YOUR GOAL | Copy, without a single change, each line from the one that holds "A5サイズのクリアホルダーが入るケース。ポストカードやステッカーなどの収納に!" to the bottom of the entries below, and drop any pictures.
┄┄┄┄┄┄┄┄┄┄
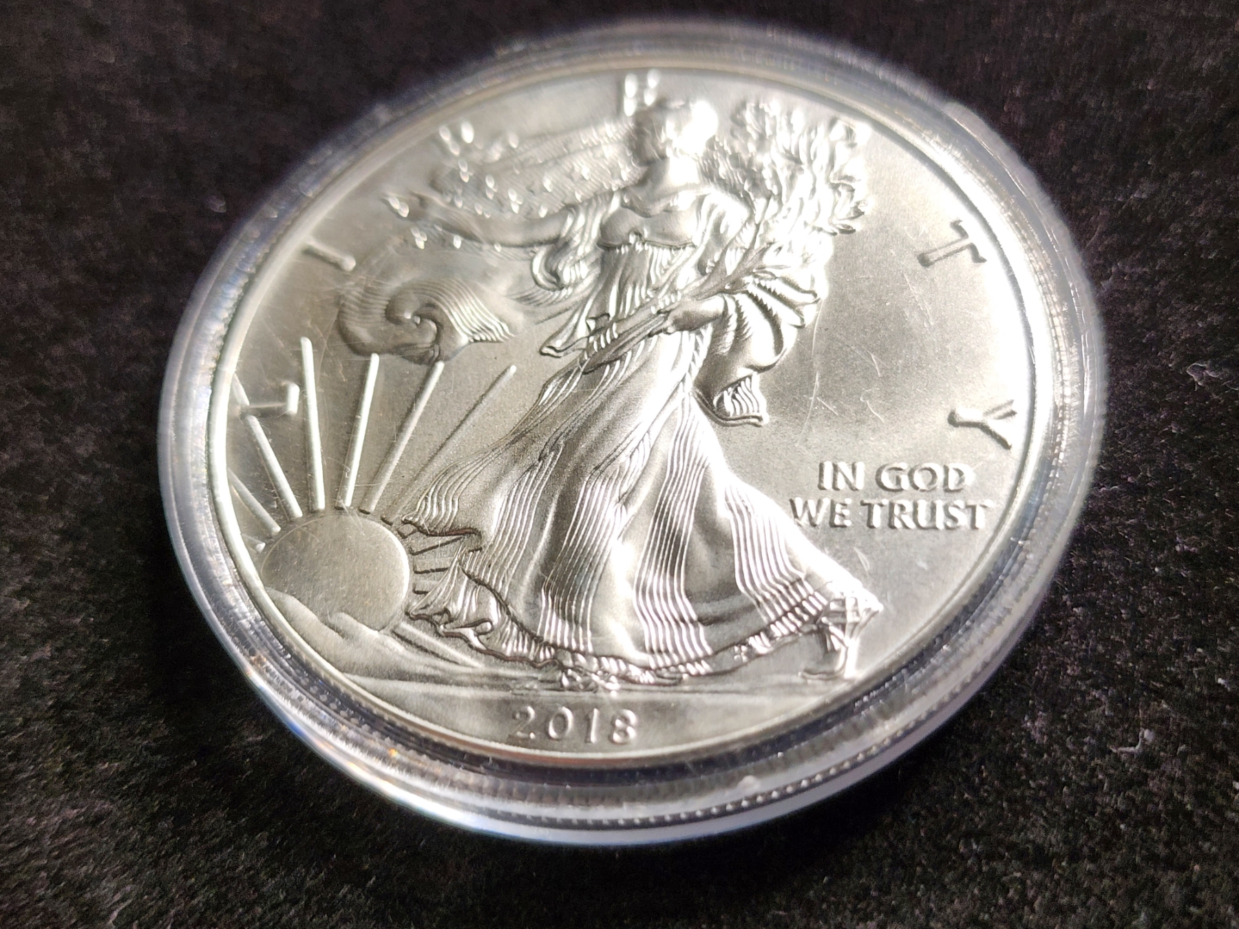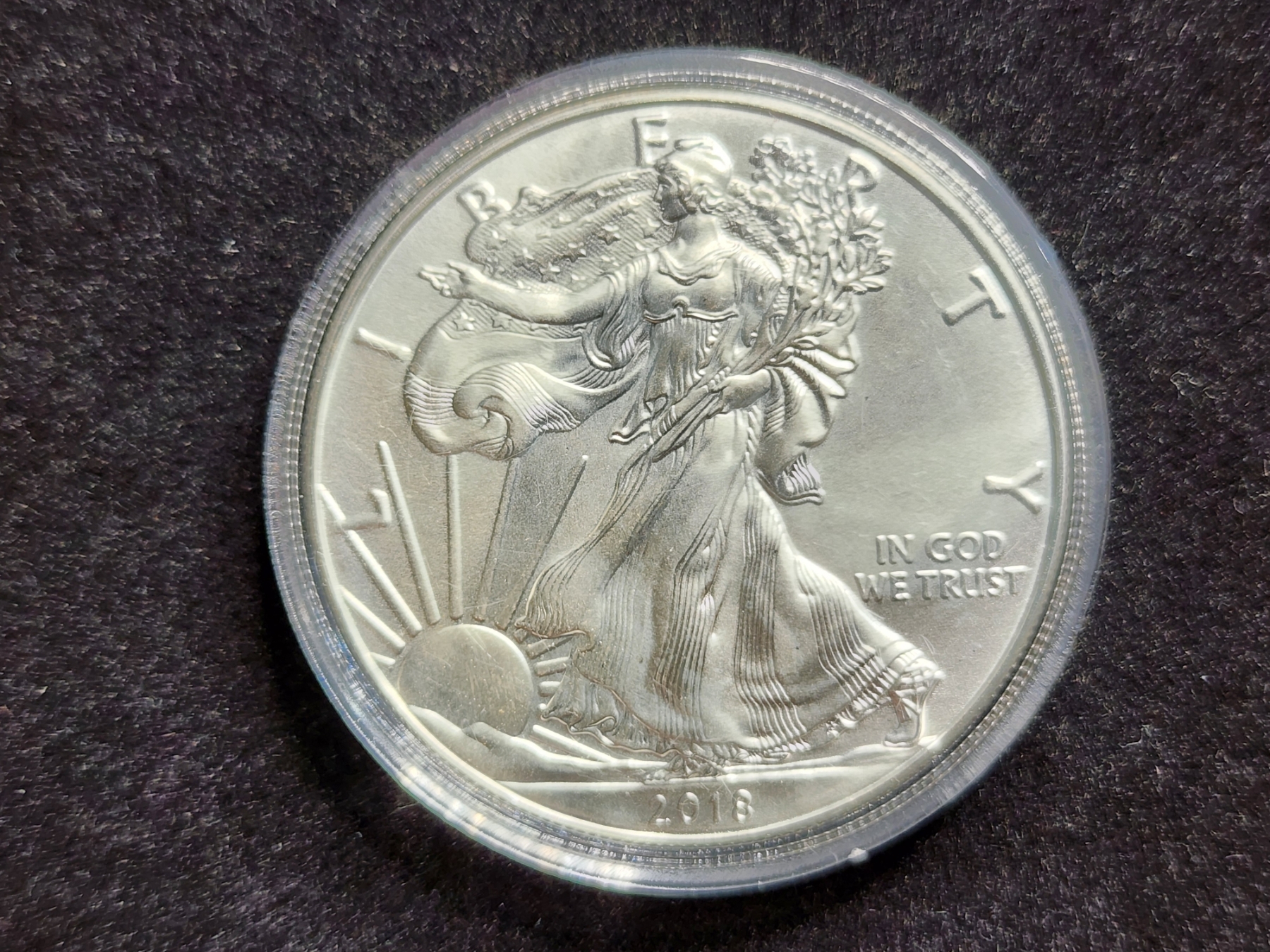 1 Oz .999 Fine Silver 2018 American Eagle Round in Capsule Protector
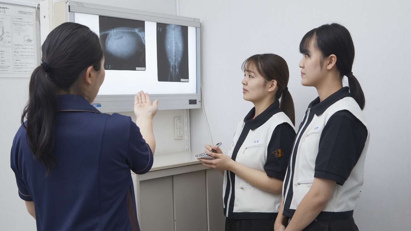 カコでは、常勤の獣医師から動物看護の知識と技術を直接指導。動物看護のスキルも習得します。
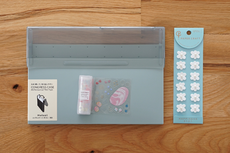 A5サイズのクリアホルダーが入るケース。ポストカードやステッカーなどの収納に!
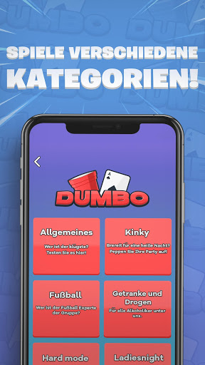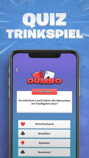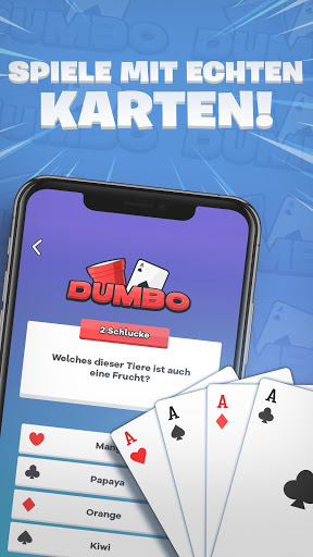 Dumbo ist ein kostenloses Party-Trinkspiel, das Sie komplett offline spielen können. Unterstützt mindestens zwei Spieler, kann aber mit großen Gruppen gespielt werden.
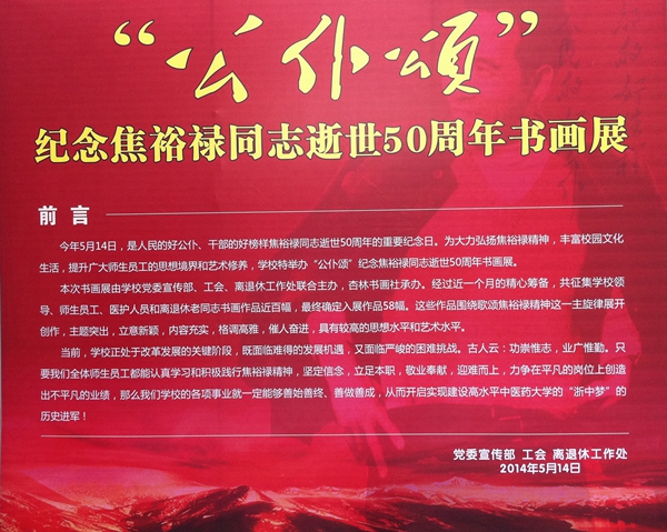 本次书画展由党委宣传部、工会、离退休工作处联合主办,杏林书画社承办。经过近一个月的精心筹备,共征集学校领导、师生员工、医护人员和离退休老同志书画作品近百幅,最终确定入展作品58幅。这些作品围绕歌颂焦裕禄精神这一主旋律展开创作,主题突出,立意新颖,内容充实,催人奋进。
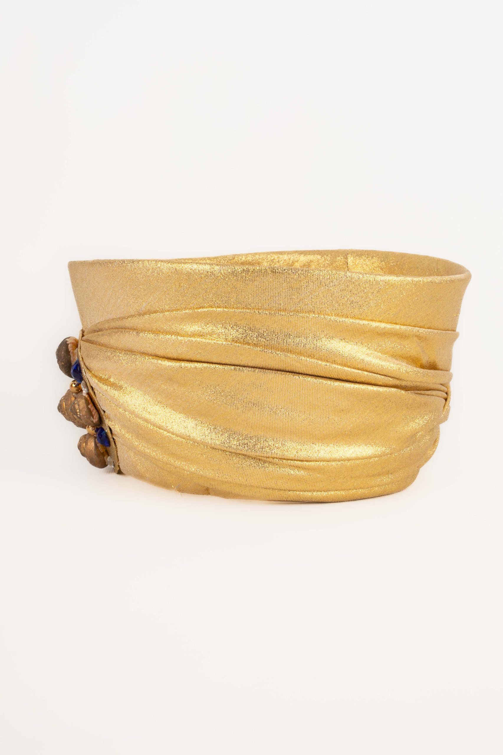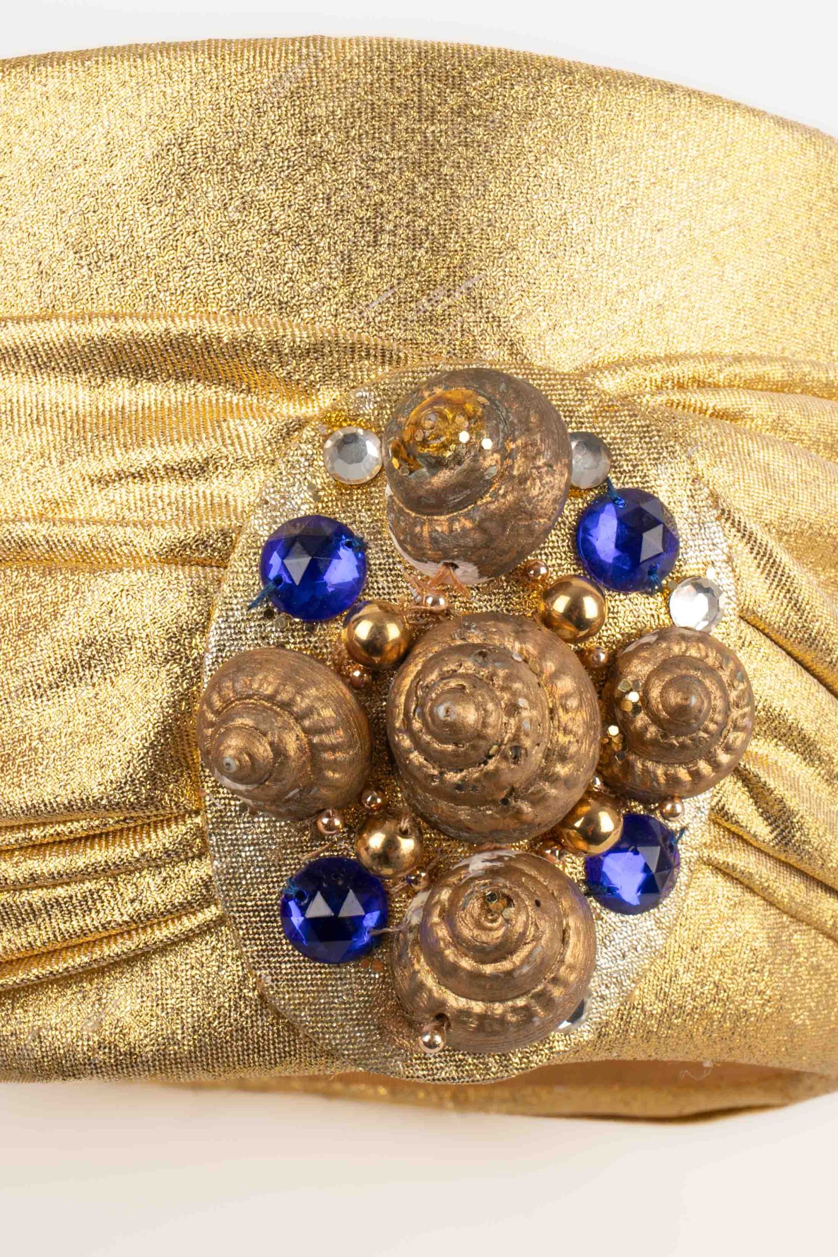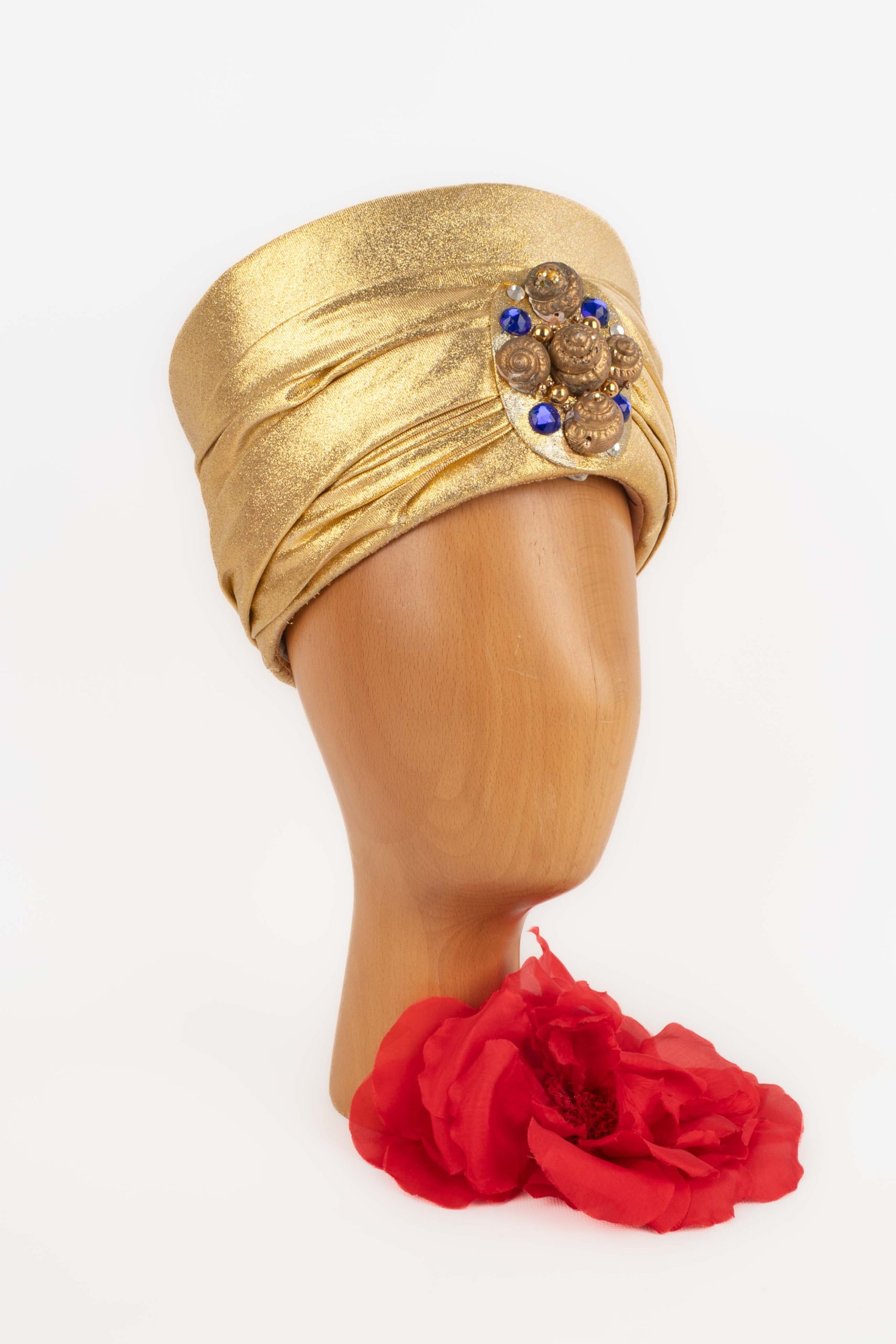 PAULETTE -Chapeau en fils lurex doré décoré au centre de strass et d’escargots en métal doré. Condition : Bon état Dimensions : Tour de tête : 52 cm
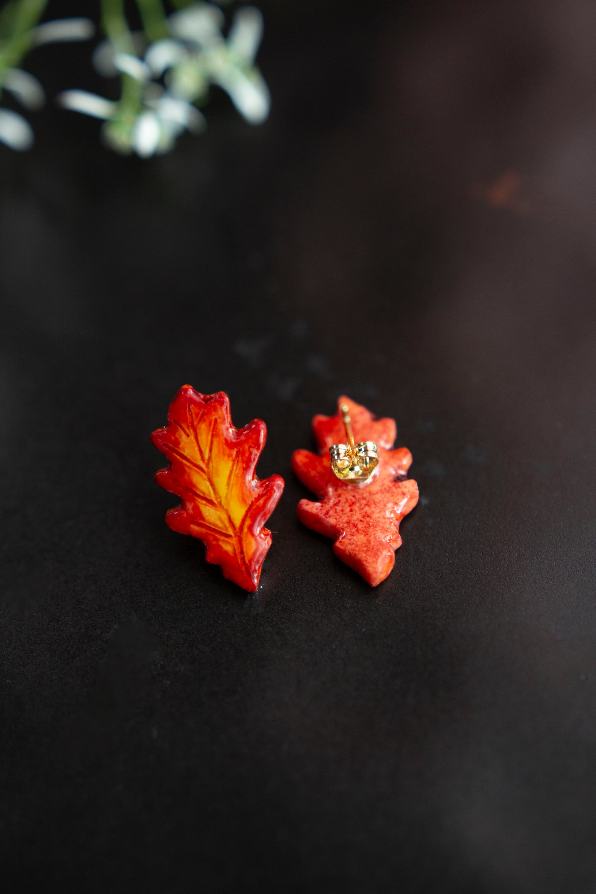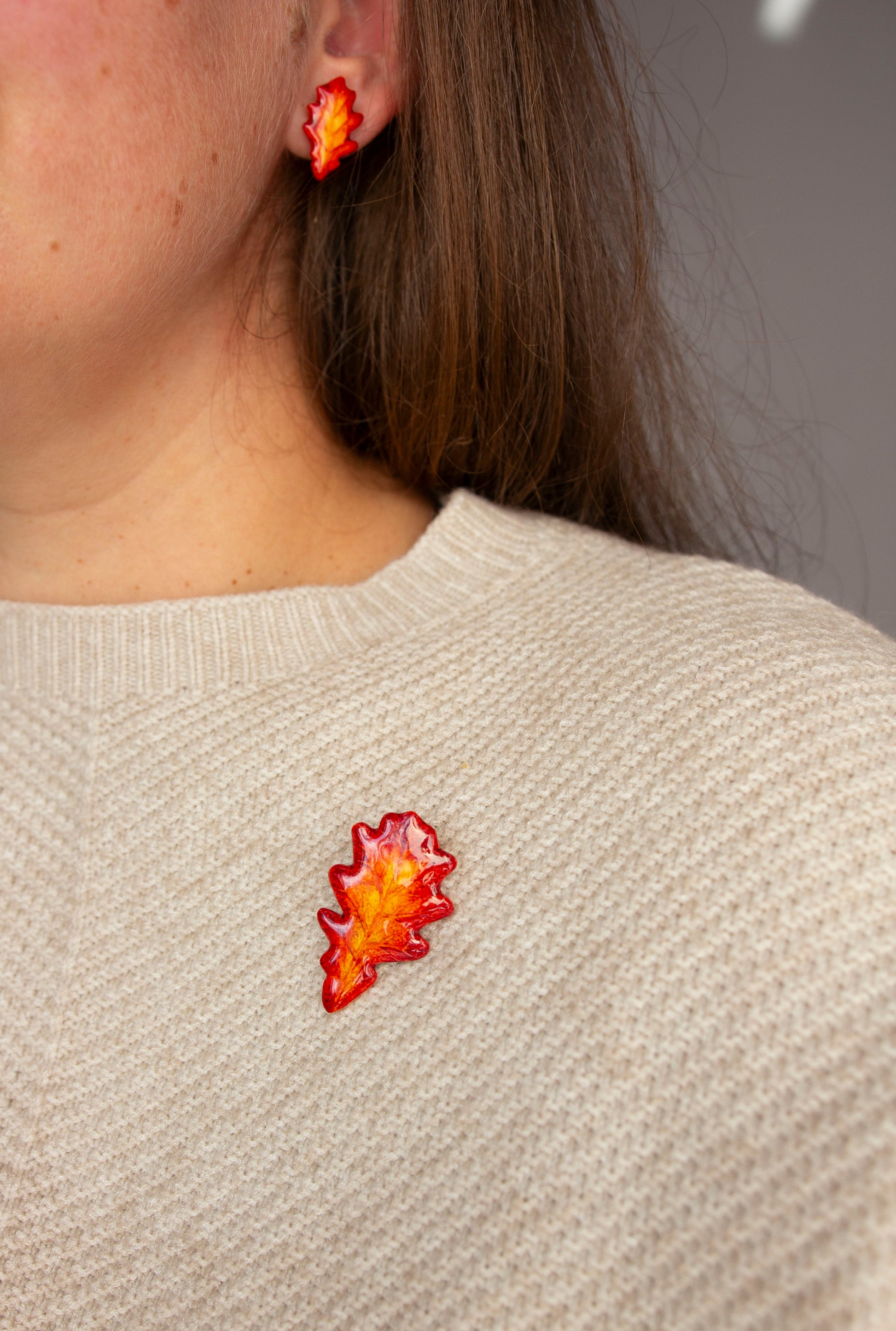 Ozollapas auskari un broša ir silts rudens akcents tiem, kas novērtē dabas skaistumu un dabiskumu. To košās rudens krāsas piešķir apģērbam dzīvīgumu un dzīvesprieku, savukārt ozollapa kā simbols ienes sajūtu par spēku un stabilitāti.
┄┄┄┄┄┄┄┄┄┄
SOLUTION TO THIS EXERCISE |
 A5サイズのクリアホルダーが入るケース。ポストカードやステッカーなどの収納に!
 Dumbo ist ein kostenloses Party-Trinkspiel, das Sie komplett offline spielen können. Unterstützt mindestens zwei Spieler, kann aber mit großen Gruppen gespielt werden.
 本次书画展由党委宣传部、工会、离退休工作处联合主办,杏林书画社承办。经过近一个月的精心筹备,共征集学校领导、师生员工、医护人员和离退休老同志书画作品近百幅,最终确定入展作品58幅。这些作品围绕歌颂焦裕禄精神这一主旋律展开创作,主题突出,立意新颖,内容充实,催人奋进。
 PAULETTE -Chapeau en fils lurex doré décoré au centre de strass et d’escargots en métal doré. Condition : Bon état Dimensions : Tour de tête : 52 cm
 Ozollapas auskari un broša ir silts rudens akcents tiem, kas novērtē dabas skaistumu un dabiskumu. To košās rudens krāsas piešķir apģērbam dzīvīgumu un dzīvesprieku, savukārt ozollapa kā simbols ienes sajūtu par spēku un stabilitāti.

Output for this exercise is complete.